Family Guy and Freud: Jokes and Their Relation to the Unconscious In Antonia Peacocke article “Family Guy and Freud: Jokes and Their Relation to the Unconscious,” she discuses the show created by Seth MacFarlane, stating how she loves the show and how she can even recite several episodes by heart. However, when she first started watching the show she did not care for the type of humor that was expressed. Peacocke goes onto explains that she is not the only one who has these same feelings on how the show is bigoted and crude (Peacocke). Evidence to this was when the show was cancelled not only once, but also twice, in 2000 and 2002. Soon after the show was band, complaints from so many viewers to Fox Television Network, the producers were forced to start airing the show again (Peacocke).

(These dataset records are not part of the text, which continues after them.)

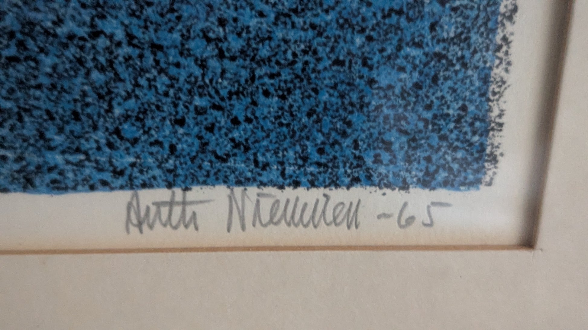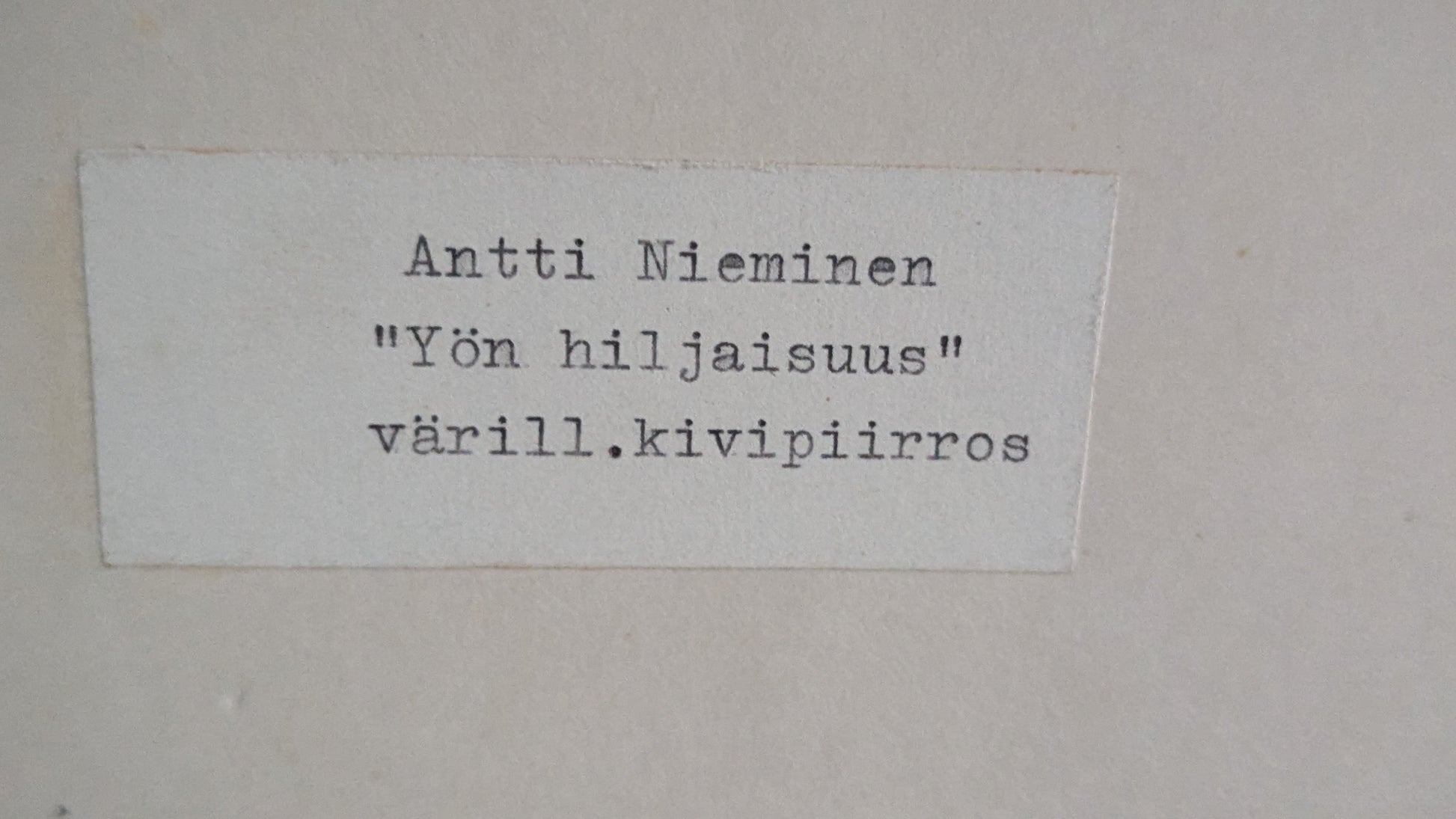 Antti Niemisen signeeraama Yön Hiljaisuus niminen värikivipiirros vuodelta 1965.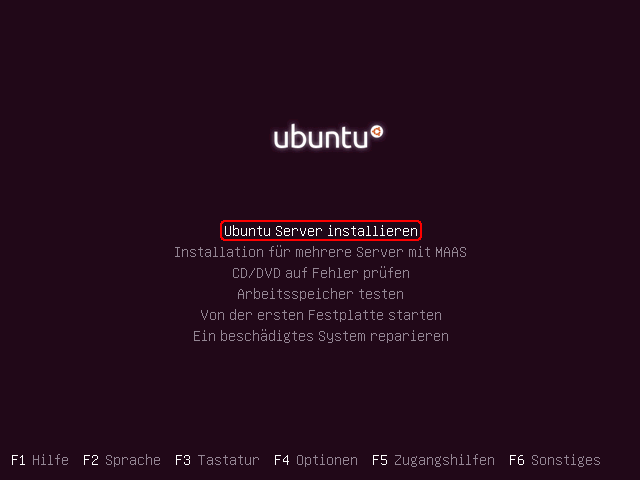 Deutsch als Sprache auswählen und nun Ubuntu Server installieren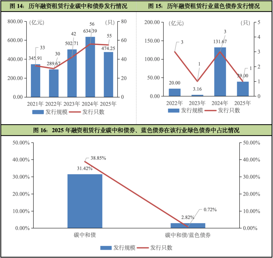 2025年,融资租赁行业共发行1只蓝色债券(含1只“蓝色债券+碳中和债券”双贴标债券),发行规模共计39.00亿元,较2024年下降,可能与蓝色债券募集资金须专项用于海洋保护、可持续渔业、滨海生态修复等特定领域,此类项目往往投资规模大、周期长、技术复杂,融资租赁业务模式以设备融资租赁为主,其资产通常更侧重于分布式、标准化设备,与蓝色经济所需的大型海洋基础设施或生态修复项目的契合度相对有限有关。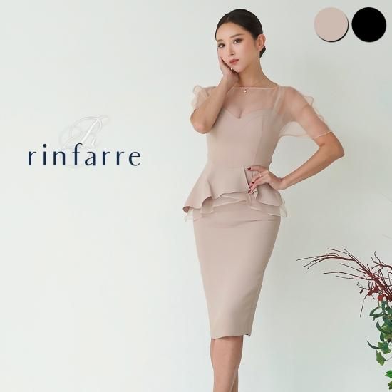 韓国製 | rinfarre | 無地 オーガンジー レイヤード ペプラム タイト ミディアムドレス ワンピース myju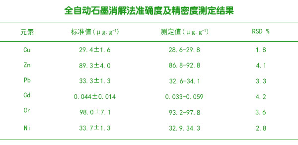 全自動石墨消解法準(zhǔn)確度及精密度測定結(jié)果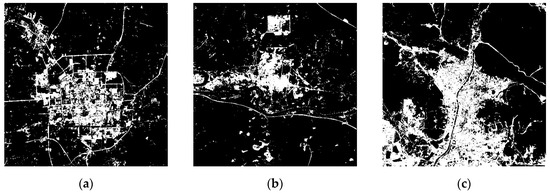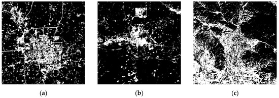 The impervious surface distribution extracted by the proposed method after atmospheric correction: (a) Case 1; (b) Case 2; (c) Case 3.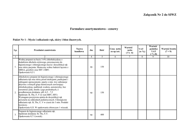 Załącznik Nr 2 do SIWZ Formularz asortymentowo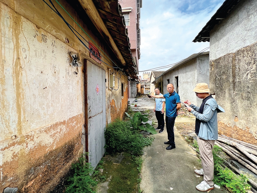 在黃春華(左二)的帶路下,惠陽區(qū)委黨史辦工作人員找到了黃世梅、黃開等革命先輩的舊居處,將豎起牌子,告知世人他們的革命故事。
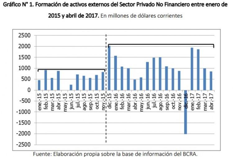 el promedio mensual de fuga, entre enero y noviembre de 2015 fue de 590 millones de dólares, mientras que entre diciembre de 2015 y abril de 2017 el promedio de salida mensual es de 1.037 millones de dólares, lo que indica un aumento del 75%, confirmó el informe.

However, as she continued to watch the television program, she noticed that there was more than just racist, sexist, and bestiality jokes to be taken from the show (Peacocke). She even goes on to state how she gave the show a second chance and realized that it actually had a purpose and portrayed the stereotypes many people use today. Family Guy is one of the most disgusting, cruel and racist shows I have ever laid my eyes on, that is what I first thought after watching the TV show, Family Guy, for the first time, now that I look back on it, it is simply not true. If you look into the show more deeply and get what Seth McFarland, creator of Family Guy, is trying to portray you realize there is a lot more to it. I took the same view of the show as Peacocke, at first I did not like it, but I was forced by my family and friends to watch it. After watching several episodes, I stepped back and took a deeper look at the racist and sexist jokes said on the show, and I realized there was more to learn and see then just getting a chuckle out of the cruel jokes.

Family Guy can be one of the most sexist and demeaning television programs out there but if you take a step back and look at what Seth MacFarlane is trying to get at, from the women of the 1950’s to the censorships of the FCC, you can learn the true meaning of Family Guy. Anyone who has ever watched an episode of Family Guy will agree that the show is very offence and often time sexist, but most people do not really get the true meaning of the show and how it relates to the stereotypes in our day to day lives. In one occasion in Peacocke essay “Family Guy and Freud: Jokes and Their Relation to the Unconscious,” she states that in an episode “I am Peter, Here me Roar,” there is a scene of an old 1950’s work place where a business man is talking about how women are very insecure about their appearance().

He explains that men should be sure to complement women on how they look, even if they are ugly, because they will believe it (302). Then the businessman goes on to say that a firm slap on their butt will let them know what good of a job they have done (302). I take this not to be a sexist skit but how the women of the 1950’s were mocked in the work place and how normal it was for this to happen to them. This is just one of the many examples of people misunderstanding Family Guy. Peacocke also includes in her essay how celebrities influence the way we think and what we do things in our everyday lives. This is shown in one episode of Family Guy, mentioned in Peacocke’s essay, when Brian and Stewie, are talking about Stewie’s choice of reading material (304).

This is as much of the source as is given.